I have figured out the stops for the rest of the way home and we should be there by Nov. 8 around noon if there are no snow delays.
Oh, we got the results of the x-rays back and it is definitely arthritis in the hip. I will get the x-rays sent to the house and I have already gotten an appointment for the 19th of Nov. to see a doctor at home. By then I should know if the Celebrex is controlling the pain sufficiently or not to delay any other action at least until after the first of the year. Right now I am still pretty limited on how much I can do with it. I guess the stairs at home will be the test.
West Virginia was very hilly with lots of rivers and streams and trees. Kentucky is more open, a little flatter, with gentler rolling hills. The trees still have good color but not as much deep red as Virginia and West Virginia.
Kentucky, horse country, racetracks, horse farms, lots of white board fences, horses in the fields, horse transporters, lots of Kentucky bluegrass. There are a lot of French names here, Paris, Bourbon, and Versailles.
Second stop is the Abraham Lincoln NHS in Hodgenville, Kentucky. Lincoln's ancestors came to Kentucky from Scotland via Massachusetts, New Jersey, Pennsylvania, and Virginia. Lincoln's grandfather moved west to Kentucky in 1782, where he was killed in an Indian raid. He father Thomas moved to a more secure and populated area in Washington County in 1786.
Thomas was uneducated, honest and no driving ambition. He fulfilled the duties of a frontier citizen serving as a militiaman, county prison guard, paid his taxes, and sat juries. He labored alongside slaves who may have helped shape his antislavery views.
In 1803 he settled in Elizabethtown and with his carpenter's trade had earned enough money to buy a 230-acre farm in Elizabethtown.

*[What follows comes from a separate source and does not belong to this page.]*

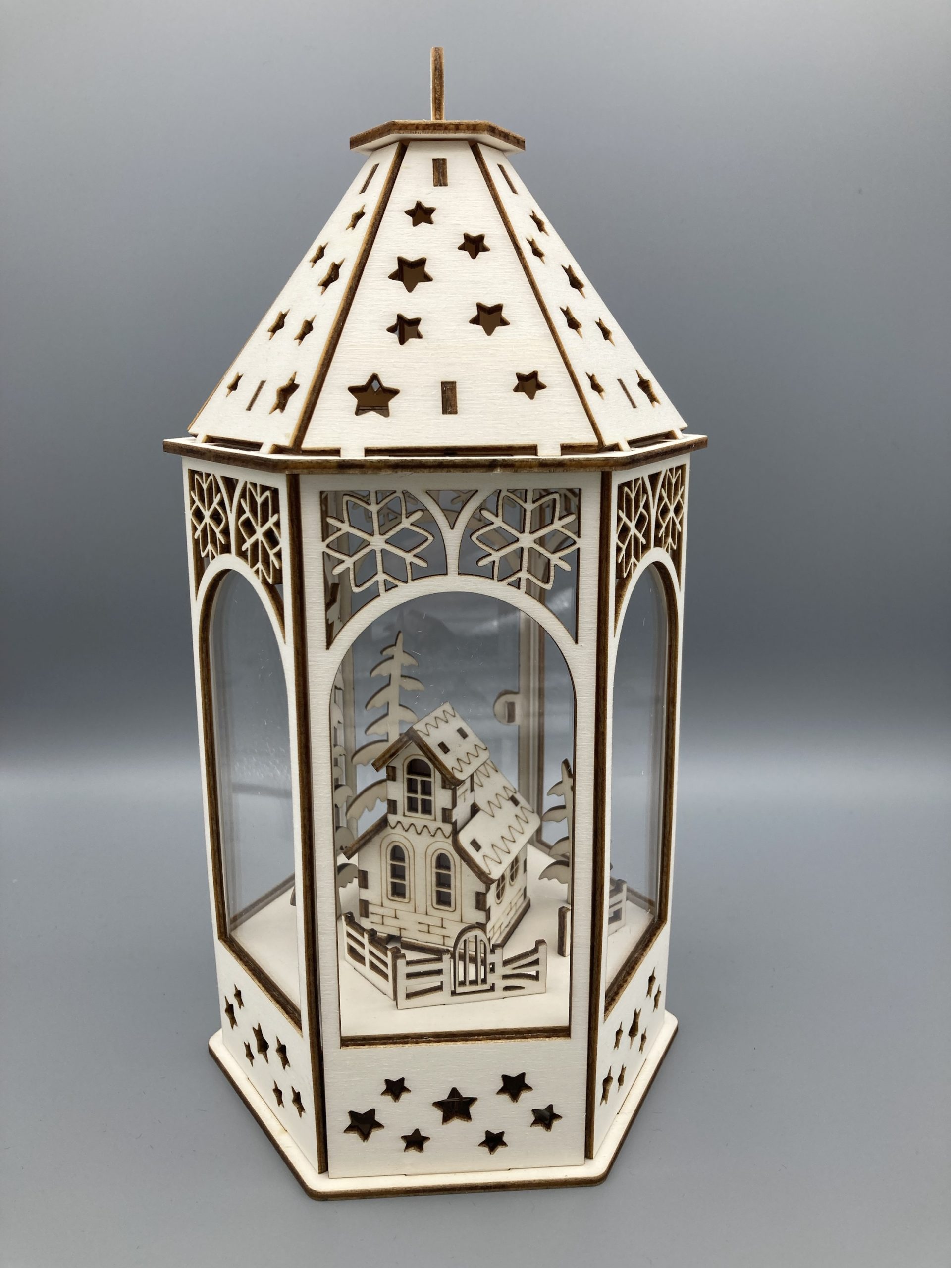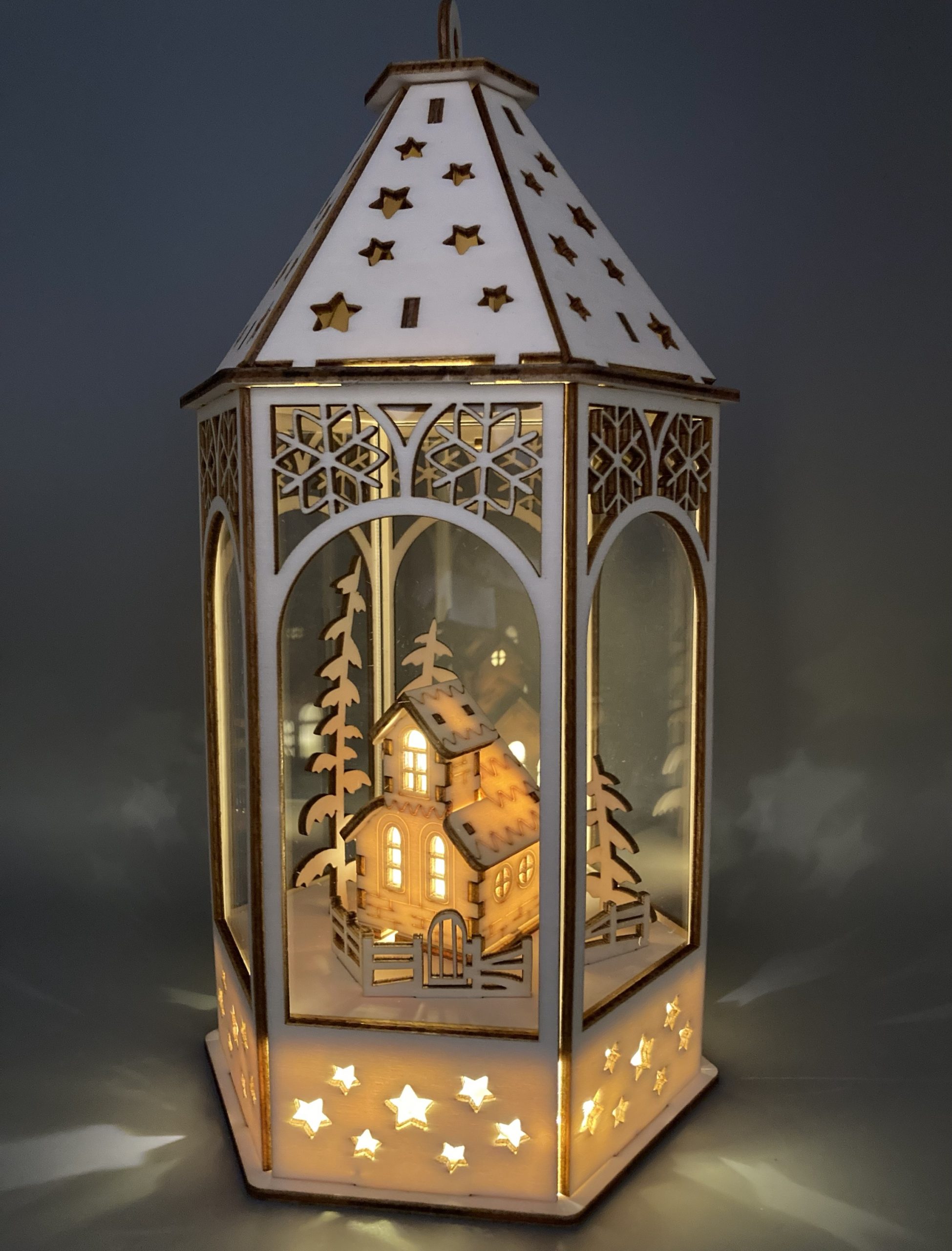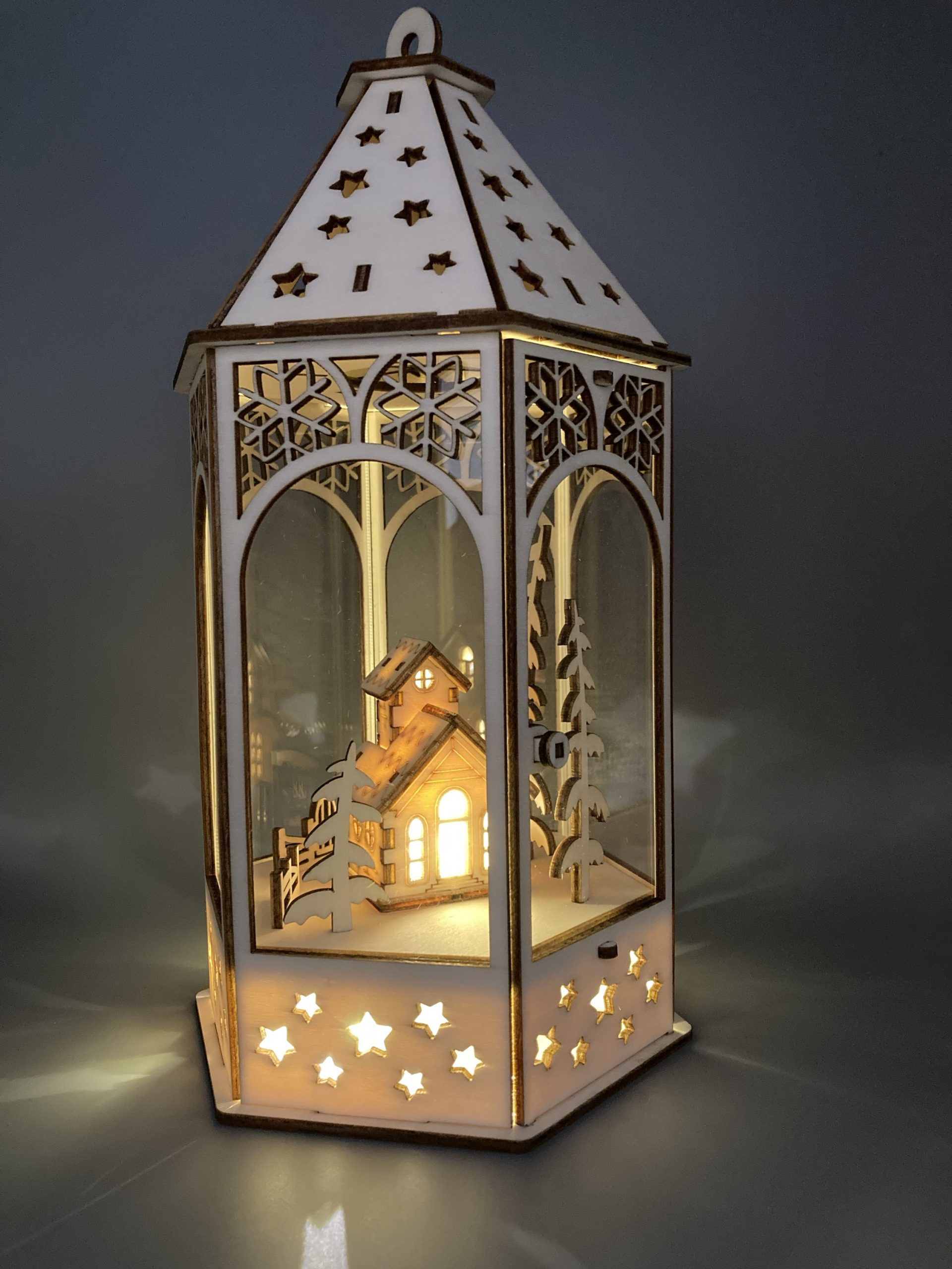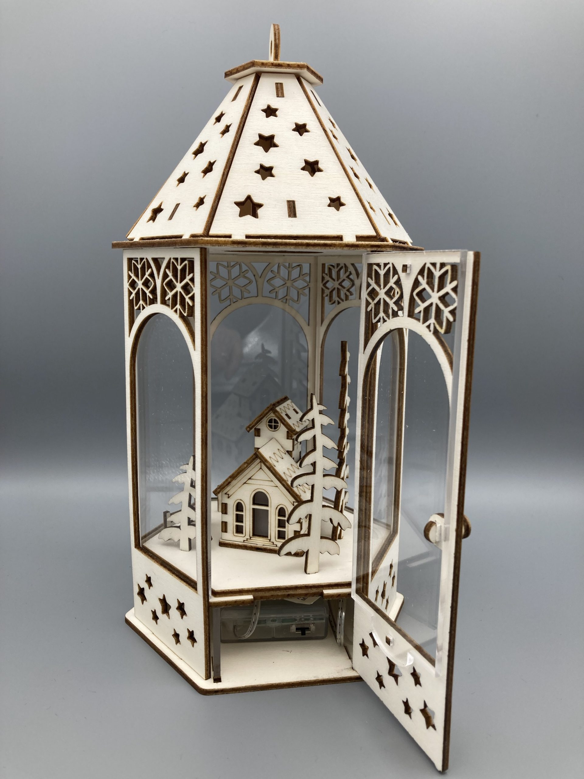 Die Laterne mit dem ansprechenden Kirchenmotiv hat Scheiben aus Acrylglas, welche das Produkt optisch abrunden.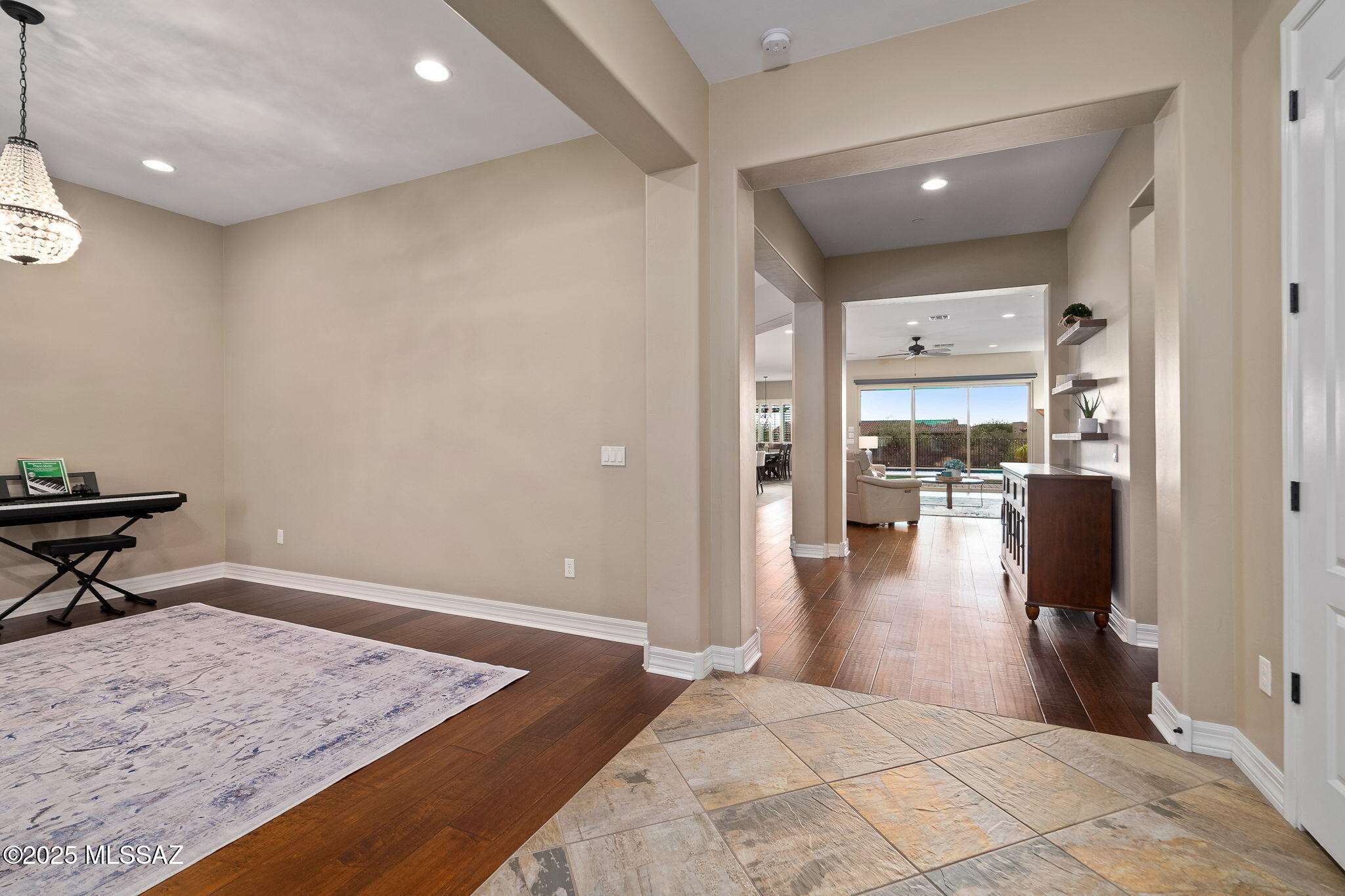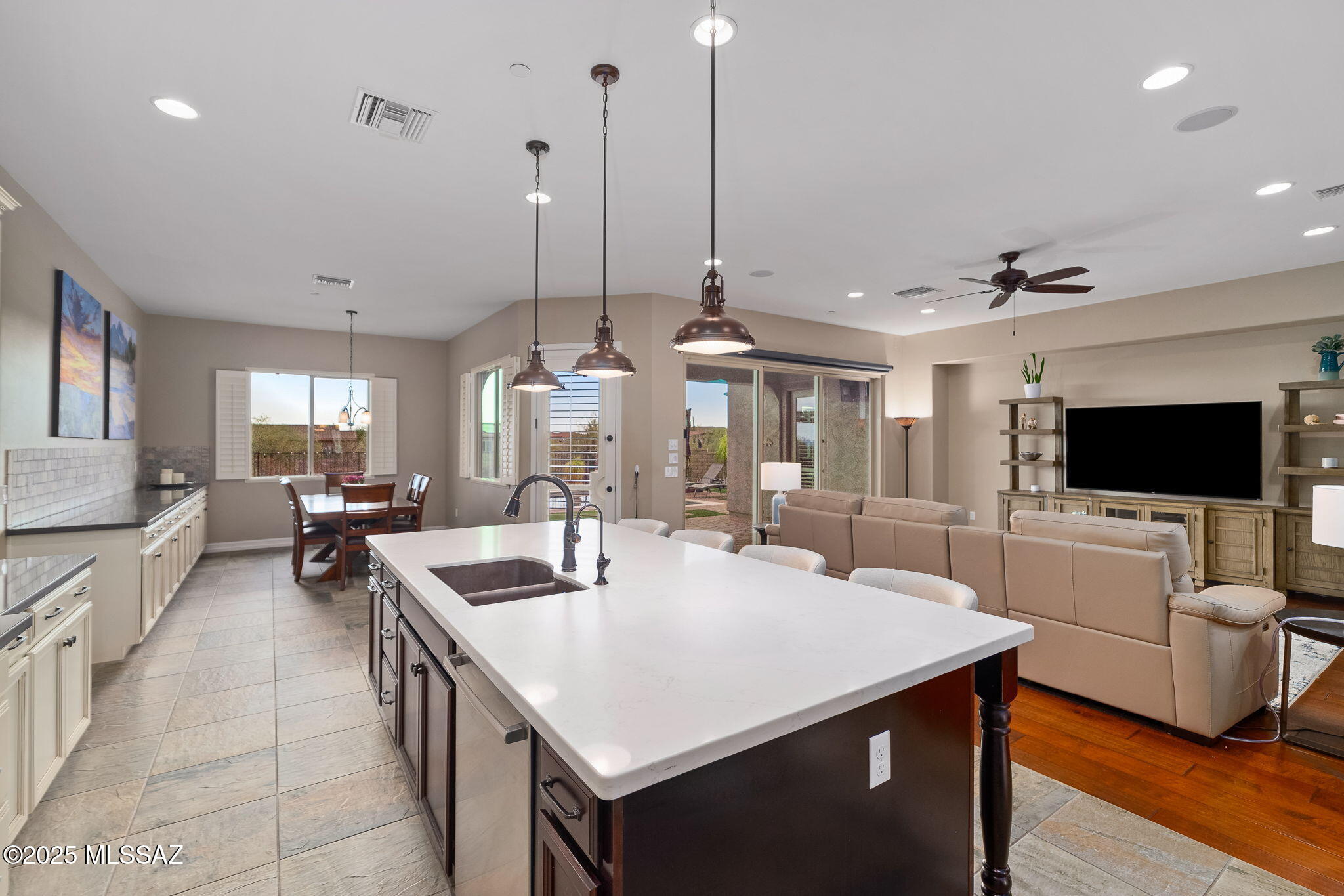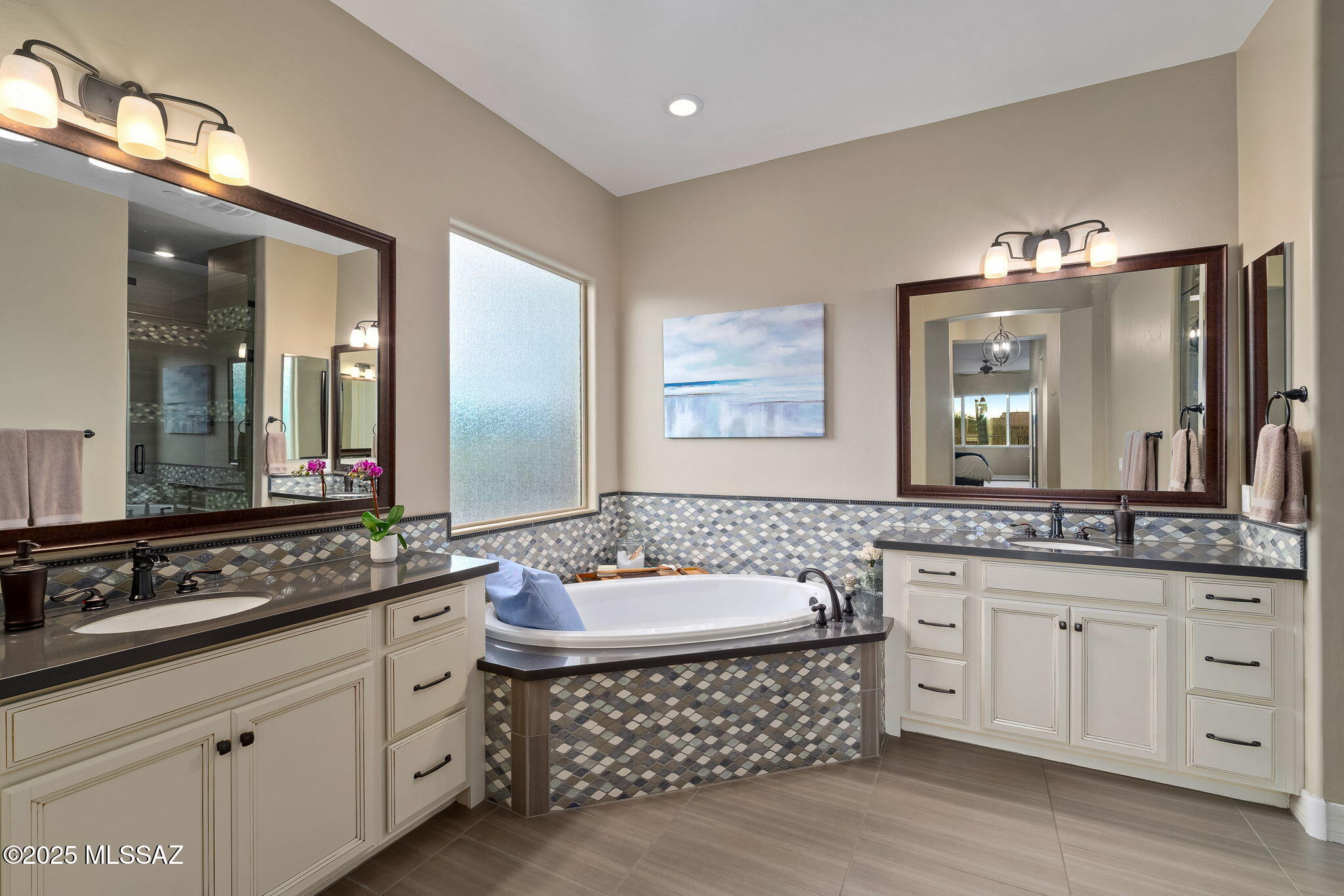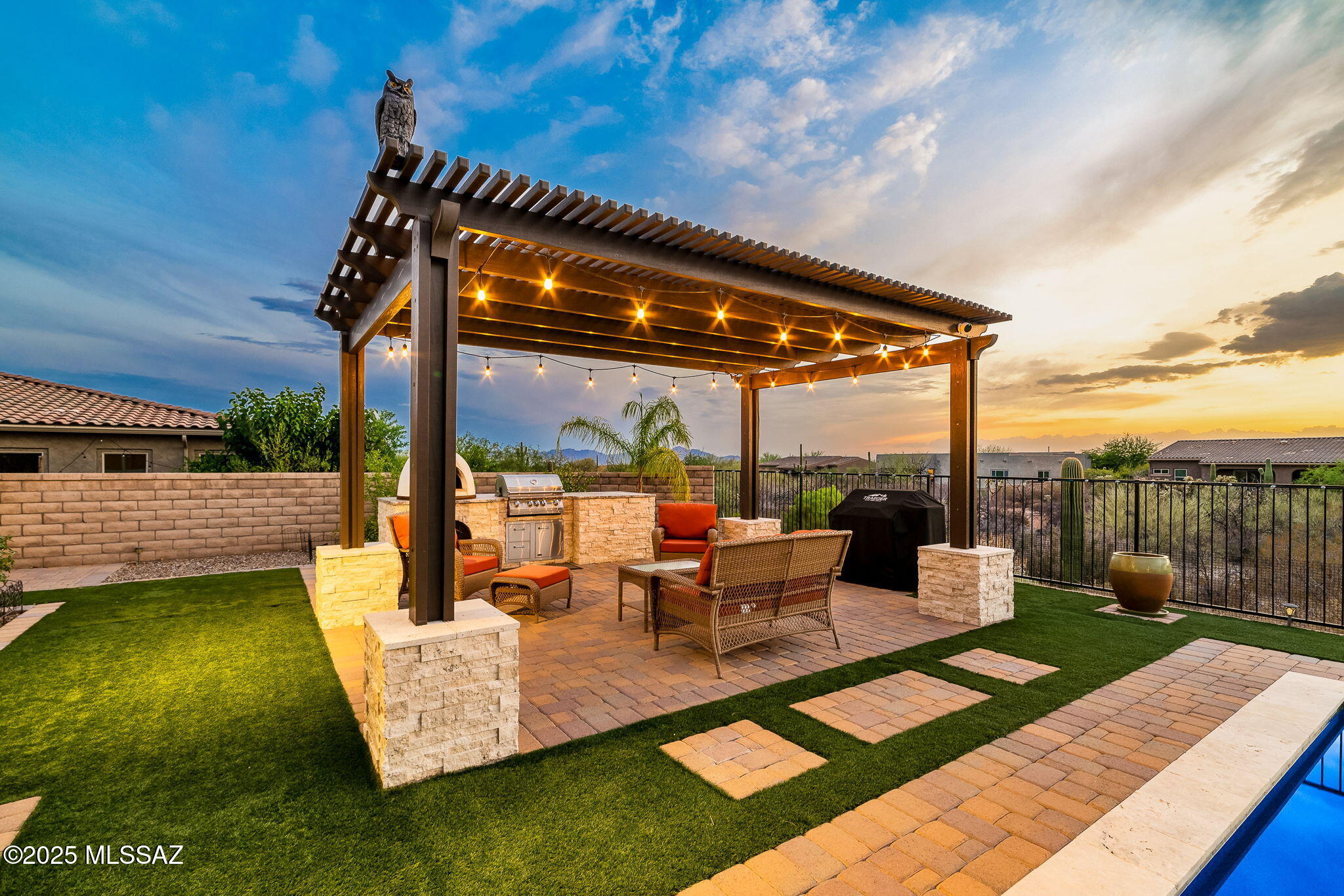Inside the small, gated community of Rancho Del Colbre in Oro Valley, a turn-key home awaits at 11767 N Luzon Court. This enclave was thoughtfully designed with larger lots for more space & privacy, while maintaining a neighborhood feel. Sitting on a 1/2 acre, the home backs up to open space, showcasing stunning sunsets and views of both the Tucson & Tortolita Mountains. Many upgraded features were included in the 2015 build, yet the property was enhanced with additional improvements following construction. With 3,526 sq ft, there is ample space to spread out in a well-designed split floor plan that includes 4 bedrooms, 3 1/2 bathrooms, and a separate den.

In 1806 he married Nancy Hanks and brought home to the farm.
In 1808 Thomas and Nancy bought the Sinking Spring farm, 348 acres of stony land on Nolin Creek, their daughter Sarah was 1 year old and Nancy was pregnant with Abe with they moved to the new home.
Lincoln was born February 12, 1809 and remembers little of this time and he only lived here in the small 16 X 18 foot cabin for 2 years.
The memorial here covers a structure believed to be a cabin just like the one in which Lincoln lived. President T. Roosevelt laid the memorial's cornerstone in 1909 and in 1911 President Taft dedicated the memorial. The memorial and farm were established as a National Park in 1916 and designated a National Historic Park in 1956.
The other half of this site is the Lincoln Boyhood Home, 8 miles away where the family moved when Lincoln was 2. Lincoln lived here for only 6 years. It was added to the park system in 2001. The building is in bad disrepair and is currently being restored.
Lincoln feels that many of the events in Kentucky helped prepare him for the presidency years later. Here he learned reading, writing, arithmetic and the value of friendship. It was here that he encountered a wide diversity of ideals to shape his mind and a wide diversity in the land to shape his senses.
In 1816 the family moved again to Indiana, more about this later.